Well, wonder no longer! Help is at hand! There are thousands, nay, millions like us dreamers -- so many that there is a lucrative market for novels and novellas speculating on such dreams. Ian Montgomerie's Alternative Histories webpage has all the interesting links to alternative timelines. You can feast on trilogies that delineate an alternative path if the American south had won the Civil War. If your Catholic soul sometimes wishes to undo the Protestant success, your waiting is over! Keith Roberts' Pavane is a collection of episodes or fragments of what happened after the Spanish Armada succeeded. This was my first excursion into a variant sci-fi soon after my exhaustion of the available Asimov, Clarke, Niven, etc. classics.

Incidentally a scholarly yet surprisingly engaging historical account of The Defeat of the Spanish Armada by Garrett Mattingly is probably in your local library. It is a great read! I did not know until I read it that in fact the Spanish Navy was virtually doomed from the start with its dinosaur-like galleons that were slow and relied on (would you believe it!?) oarsmen! Contrast them to the small but agile ships commanded by (practising) pirates like "Admiral" Francis Drake, and the outcome of the Armada was really a foregone conclusion.

One cannot just write any story and expect it to be received as an alternative history. It has to have strong asects of what I would call credible counterfactuality. A counterfactual is a philosophical concept that is at the essence of good alternative time-lines. Suppose you want to dream about what the world would look like if, say, the Spanish Armada had succeeded. It is not a good idea to also hypothesize that at the same time the Mongol hordes swept all over continental Europe. A counterfactual, being a hypothesized alternative to what actually happened, should not simultaneously change other things that had also happened. Otherwise, it stops being a dream but beocmes a nightmare. The notion of a counterfactual is intimately tied to that of causation. To this day there is no universally accepted formal account of counterfactuals.

Sexy Strings

Gotcha! Surely, you thought, this must be about g-strings? Well, yes and no. Some of the strings are in G, whether major or minor who cares?
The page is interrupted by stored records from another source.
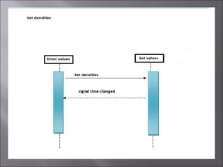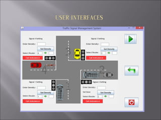 The document describes a traffic signal management system that provides traffic flow control and real-time traffic signal timing analysis. It can integrate with hardware to remotely control traffic signals and override signals for emergency vehicles. The system manages four-way intersections and allows traffic authorities to control signal timing based on traffic conditions.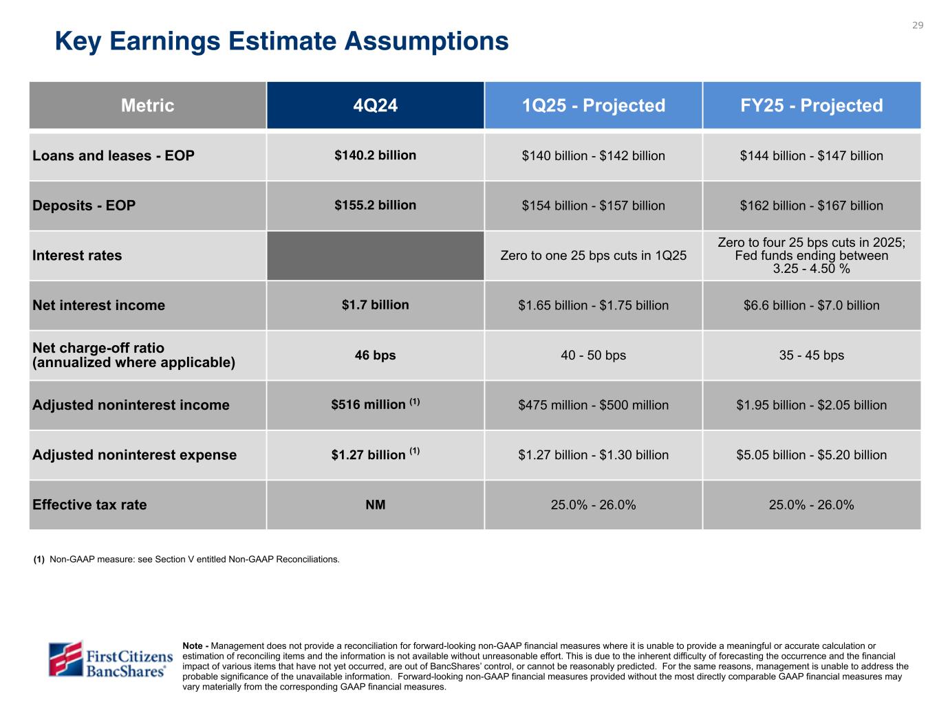 29 Metric 4Q24 1Q25 - Projected FY25 - Projected Loans and leases - EOP $140.2 billion $140 billion - $142 billion $144 billion - $147 billion Deposits - EOP $155.2 billion $154 billion - $157 billion $162 billion - $167 billion Interest rates Zero to one 25 bps cuts in 1Q25 Zero to four 25 bps cuts in 2025; Fed funds ending between 3.25 - 4.50 % Net interest income $1.7 billion $1.65 billion - $1.75 billion $6.6 billion - $7.0 billion Net charge-off ratio (annualized where applicable) 46 bps 40 - 50 bps 35 - 45 bps Adjusted noninterest income $516 million (1) $475 million - $500 million $1.95 billion - $2.05 billion Adjusted noninterest expense $1.27 billion (1) $1.27 billion - $1.30 billion $5.05 billion - $5.20 billion Effective tax rate NM 25.0% - 26.0% 25.0% - 26.0% Key Earnings Estimate Assumptions Please do not review. Data to be provided in a subsequent draft. (1) Non-GAAP measure: see Section V entitled Non-GAAP Reconciliations. Note - Management does not provide a reconciliation for forward-looking non-GAAP financial measures where it is unable to provide a meaningful or accurate calculation or estimation of reconciling items and the information is not available without unreasonable effort. This is due to the inherent difficulty of forecasting the occurrence and the financial impact of various items that have not yet occurred, are out of BancShares’ control, or cannot be reasonably predicted. For the same reasons, management is unable to address the probable significance of the unavailable information. Forward-looking non-GAAP financial measures provided without the most directly comparable GAAP financial measures may vary materially from the corresponding GAAP financial measures. To be updated in subsequent draft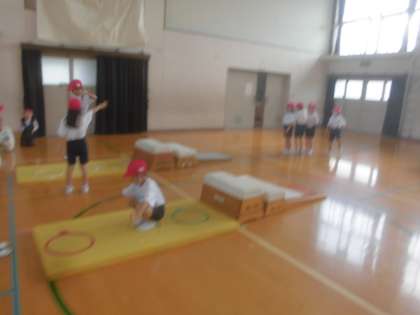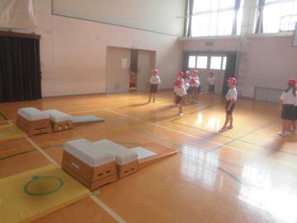 とびばこあそびで遊びの場を色々設定して活動をしました。ペアで活動をしています。どのようにするといいのかをアドバイスしたり、良いところをほめたりしていました。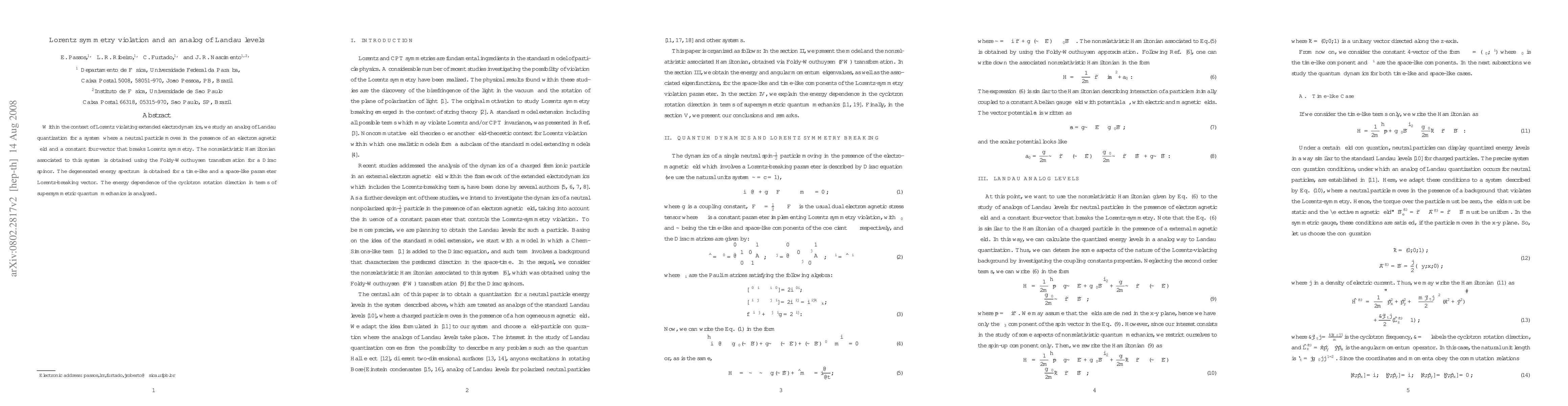 This paper investigates Lorentz symmetry violation in extended electrodynamics, focusing on an analog of Landau quantization for neutral particles under electromagnetic fields and a Lorentz-breaking constant four-vector. It employs the Foldy-Wouthuysen transformation to derive a nonrelativistic Hamiltonian and examines the energy spectrum and cyclotron rotation direction.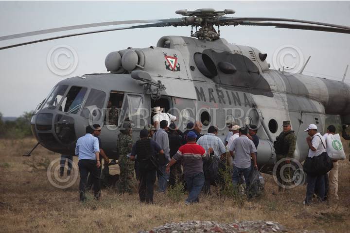 FELIPE CARRILLO PUERTO, MICHOACÁN, 27DICIEMBRE2014.- 27 elementos de la Fuerza Rural comandados por Hipólito Mora, se presentaron voluntariamente el día de hoy ante la justicia, un helicóptero de la Policía Federal y otro de la MARINA los trasladó a la ciudad de Morelia. FOTO: ALAN ORTEGA / CUARTOSCURO.COM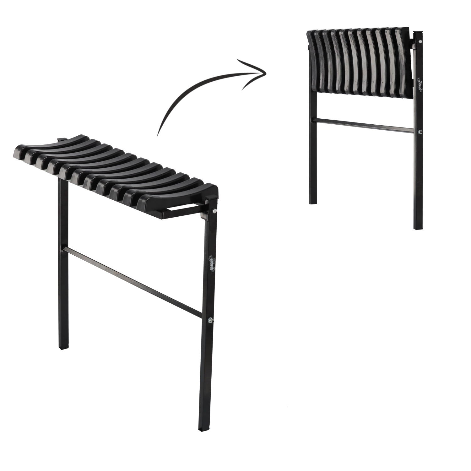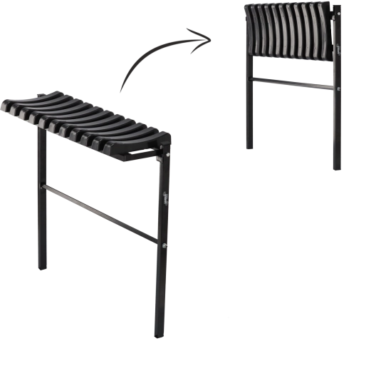 Denne kompakte bænk er designet til at tilbyde maksimal komfort præcis, når du har brug for den. Sammenklappet fylder den minimalt, og udfoldet giver den et stabilt og behageligt sæde. Det minimalistiske sorte design sikrer et værdigt udtryk og nem harmonering med forskellige typer monumenter.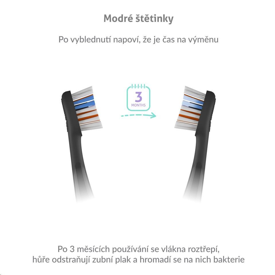 Hlavice vydrží až 3 měsíce používání, poté se začnou třepit, ztrácí účinnost a navíc se na nich hromadí bakterie. Naštěstí jsou hlavice opatřeny modrými štětinami, které po 3 měsících vyblednou a vy tak víte, že je načase hlavice vyměnit.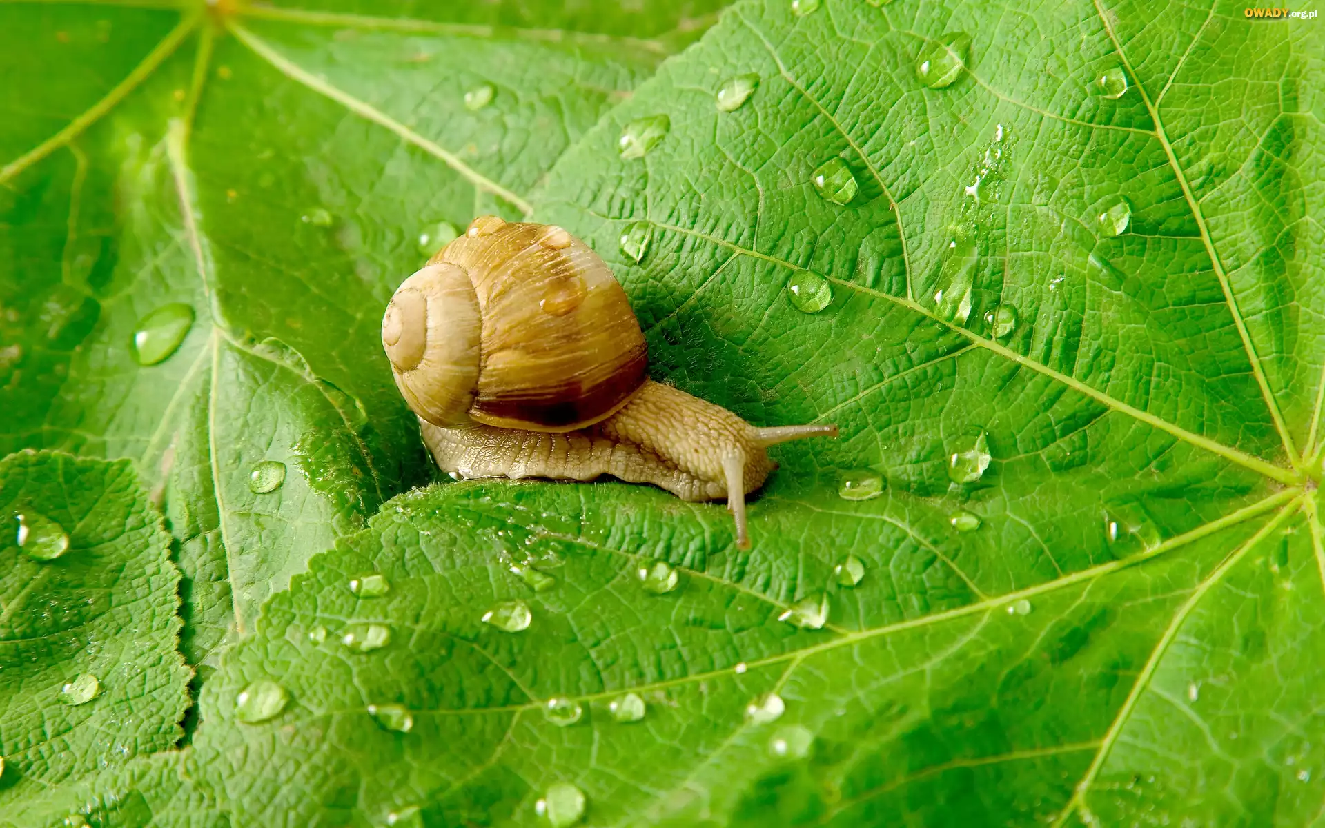 Ślimak, Liście, Krople, Deszczu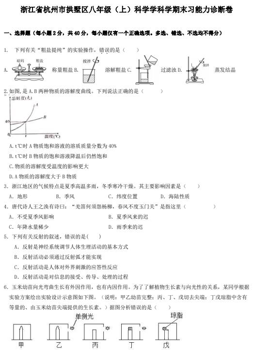1. 下列有关“粗盐提纯”的实验操作,错.误.的是( ) A. 称量粗盐 B. 溶解粗盐 C. 过滤浊 D. 蒸发结晶 2.如图,是 A.B 两种物质的溶解度曲线。下列说法正确的是( ) A.t℃时 A 物质饱和溶液的溶质质量分数为 40% B.t℃时 B 物质的饱和溶液降温后仍然饱和 C.物质的溶解度受温度的影响更大 D.A 物质的溶解度大于 B 物质 3.浙江地区的气候特点是夏季高温多雨,冬季寒冷干燥。其主要影响因素是( ) A.地形 B.季风 C.纬度位置 D.海陆性质 4.唐代诗人王之涣有诗曰:“羌笛何须怨杨柳,春风不度玉门关”是指这里( ) A.不受夏季风影响 B.夏季风来的迟 C.年降水量稀少 D.雨季来的迟 5.下列有关反射的叙述,错误的是( ) A.反射是神经系统调节人体生理活动的基本方式 B.反射活动必须通过反射弧才能实现 C.反射活动是人体对外界刺激的应答性反应 D.反射活动是对信息的接受、传导、处理的过程 6.玉米幼苗向光弯曲生长有外因作用,也有内因作用。为了了解植物生长素与向光性的关系,某同学根据 实验方案绘出实验设计示意图如下图。(说明:甲乙幼苗完整;丙、丁、戊切去尖端;丁戊琼脂中含有 等量的、由玉米幼苗尖端提供的生长素。)据图分析错误的是( )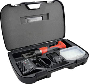 Idoneo per la compressione di terminali e giunti fino ad una sezione massima del conduttore di 150 mmq.\n\nCaratteristiche:\n• utensile oleodinamico a batteria 18V Li-Ion 1,5 Ah\n• impugnatura ergonomica a due componenti per il massimo comfort e utilizzo con una sola mano\n• testa di compressione ruotabile per 360° che garantisce l'uso anche in spazi limitati,\n• costruzione leggera, robusta e compatta\n• avanzamento rapido tramite sistema di una poma assiale a 3 pistoni\n• ritorno rapido mediante valvola di ritegno\n• ritorno manuale possibile in qualsiasi posizione premendo il pulsante centrale\n• interfaccia USB: lettura e registrazione di tutti i cicli effettuati, indicazioni tramite LED a tre colori multifunzionali, avviso della manutenzione (dopo 20.000 cicli), controllo della pressione, registrazione di eventuali errori o anomalie, stato della carica batteria estrazione dei dati tramite software di controllo fornito nella confezione.\n\nDotazione STILO45:\n• pressa oleodinamica a batteria\n• batteria Li-Ion 18V 1.5 Ah - RA12\n• caricabatteria, cavo USB e Software (CD)\n• valigetta rigida in resina con inserto termoformato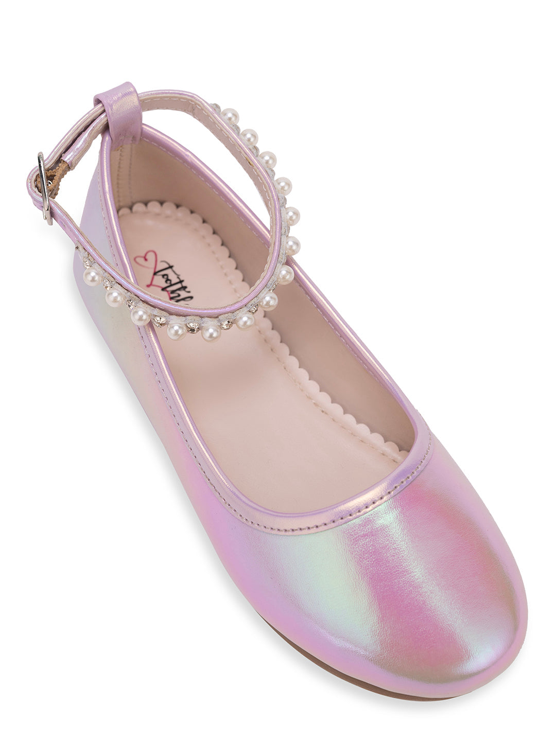 Kids Girls Embellished Shimmer Ballet Flats with Pearl Beaded Ankle Strap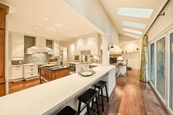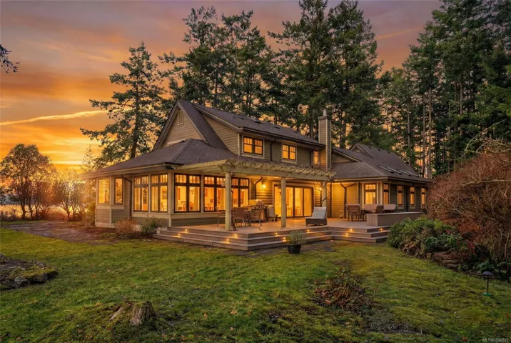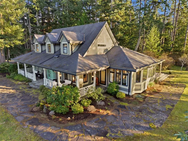 Enchanting Nanoose Bay Oceanfront Retreat! Resting on a peninsula between Wall Beach and NW Bay you’ll find this spectacular gated 4.83-acre property hosting a stunning 4131 sqft 4 Bed+Bonus Room/5 Bath Cape Cod–style home. The home showcases elegant finishes, stylish architecture, formal Living/Dining Rooms, skylights and large windows, a Bonus Room for guests, and 1200′ of oceanfront with views of Beachcomber, Georgia Strait, and Wall Beach. Wrap-around veranda leads to two-storey foyer. Living Room has elec FP; Dining Room features coffered ceiling and veranda access. Butler’s Pantry opens to a Chef’s Kitchen with island, skylights, and premium appls. Family Room with wood FP opens to lrg SW-facing deck. Main level also offers Study, Powder Room, Primary Suite with spa ensuite, Gallery Hall, and Dbl Garage. Upstairs: 3 Bed and 2 Baths. Separate staircase leads to Bonus Room with Kitchenette and Bath. Private acreage hosts bocce court with Rec Room. Visit our website for more info.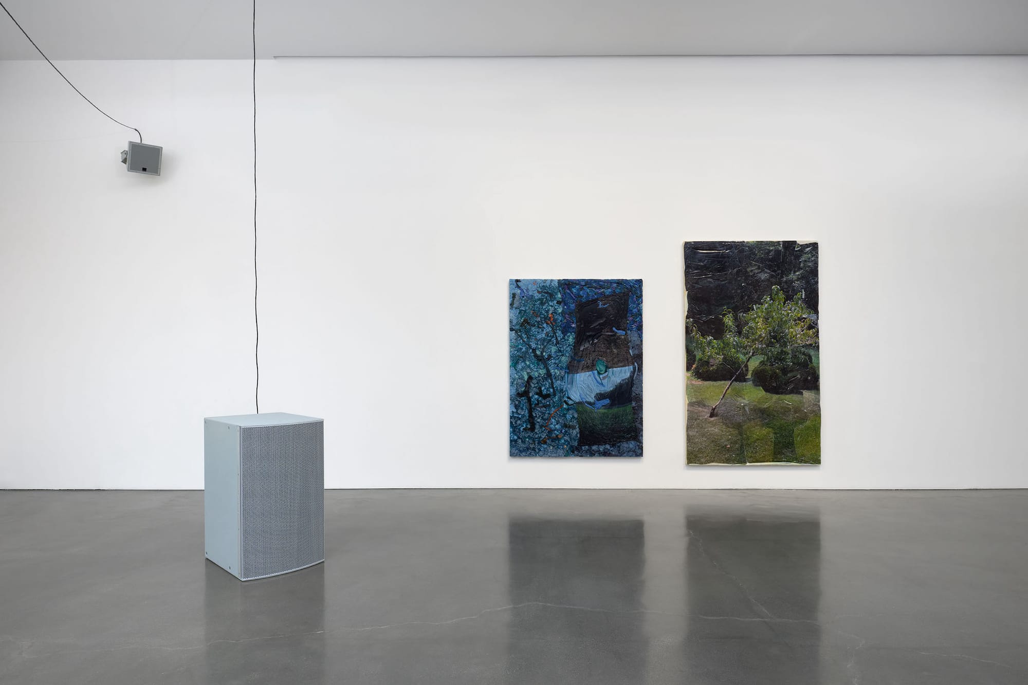 LOS ANGELES — The first thing I encountered in Kevin Beasley’s exhibition On Site at Regen Projects was a wall of ambient sound. I saw a speaker hanging high on a wall, which was connected by a long black cord. I followed it into the second room, which had more speakers and more cords, before it led me to the third and final room where I found a utility pole around which all the cords gathered, reaching from floor to ceiling. This pole, “THE SOURCE” (2022), is the center for the sound as well as the power for the lights that emanate from it. I had followed a network that bound together an exhibition of objects.

A really sexy string quartet, the Bond Girls have stimulated appreciation for classical string music like no others before them. In some ways this is the inevitable sequel to the selling of the more sedate yet just as subliminally erotic Vanessa Mae. And Mae herself is a manifestation of an unfolding dialectic, with an almost Hegelian inevitability, that seemed to have started with Anne-Sophie Mutter, the thinking man's sex symbol. Mutter is married to Andre Previn.